What did we learn in this chapter?

  • Geospatial data can be efficiently represented as a GeoTable. This representation is universal, meaning it combines the “raster” and “vector” representations found in traditional GIS.
  • A GeoTable provides all the data access patterns of a DataFrame. In particular, it supports the syntax geotable[rows,cols] without expensive copies of geometries.

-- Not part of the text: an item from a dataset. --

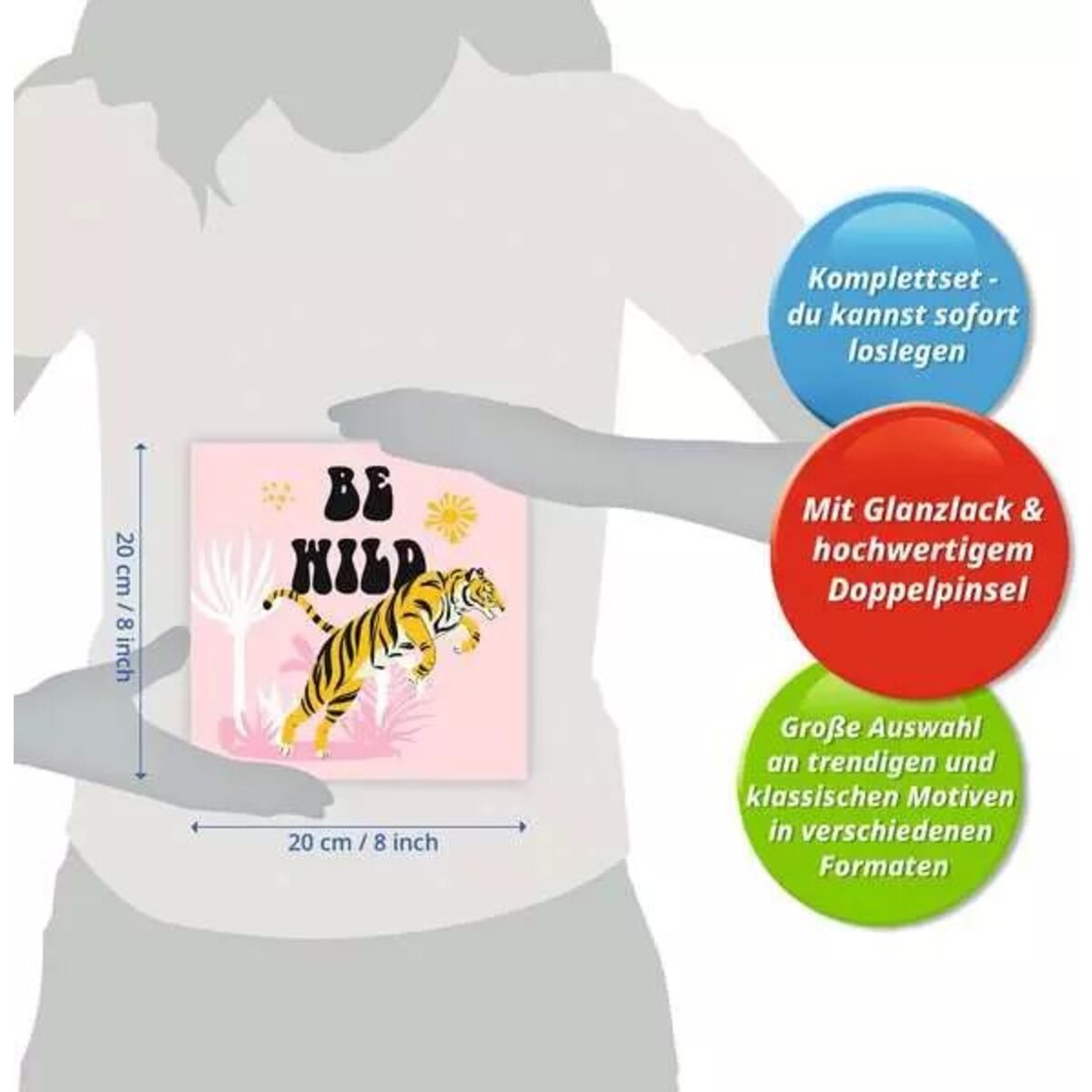 Coole Motive, leuchtende Farben und glänzender Lack für ein perfektes Finish. Das trendige Motiv Be Wild sorgt für großartigen Malspaß für Erwachsene ab 12 Jahren. Die Motivlinien sind bereits aufgedruckt und nummeriert und werden mit den fertig gemischten Acrylfarben ausgemalt. Das ist Malspaß mit Erfolgsgarantie für einen einzigartigen Wandschmuck. So einfach war malen noch nie!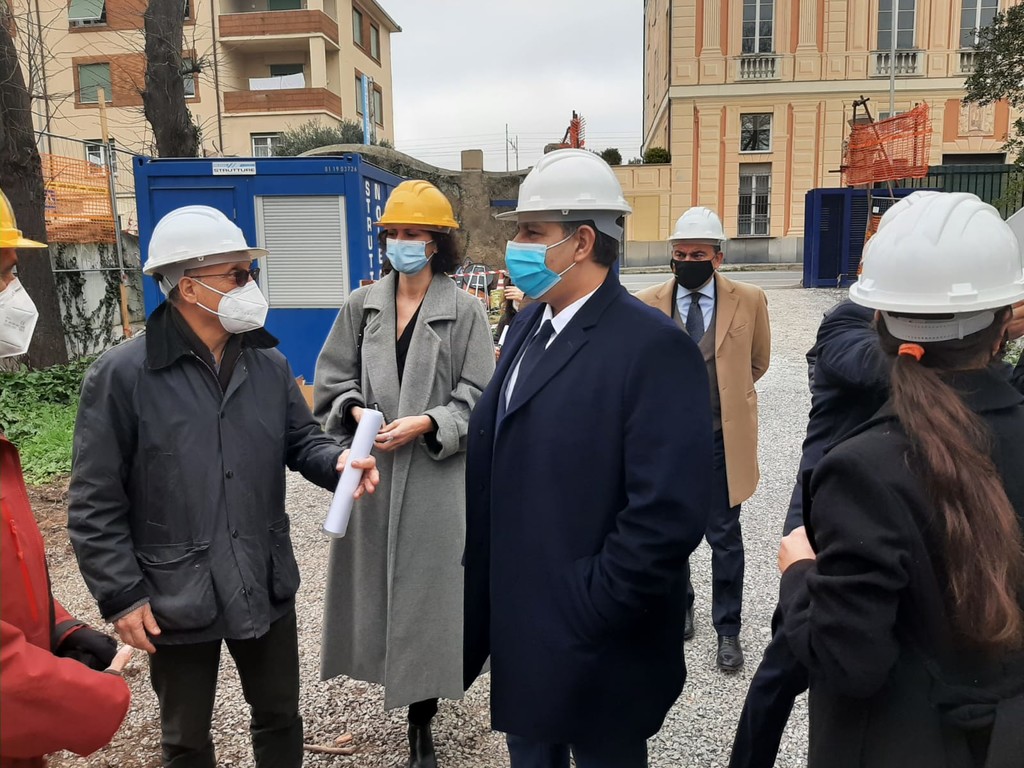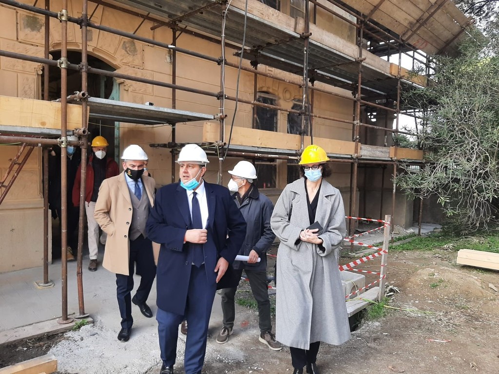Sopralluogo dei vertici regionali questa mattina nel complesso di villa Zanelli a Savona, dove sono in corso i lavori di recupero del gioiello liberty da circa 20 anni in stato di abbandonato che verrà trasformato in una struttura ricettiva con annesso ristorante, a disposizione dei cittadini savonesi e non solo nel 2022.

  • Working with geospatial domains as opposed to working with vectors of disconnected geometries has major benefits. In particular, it preserves topological information.

It is very convenient to manipulate a GeoTable as if it was a DataFrame. Nevertheless, we will learn that advanced geospatial data science requires higher-level constructs to preserve geospatial information. We will cover these constructs in Part II and Part III of the book.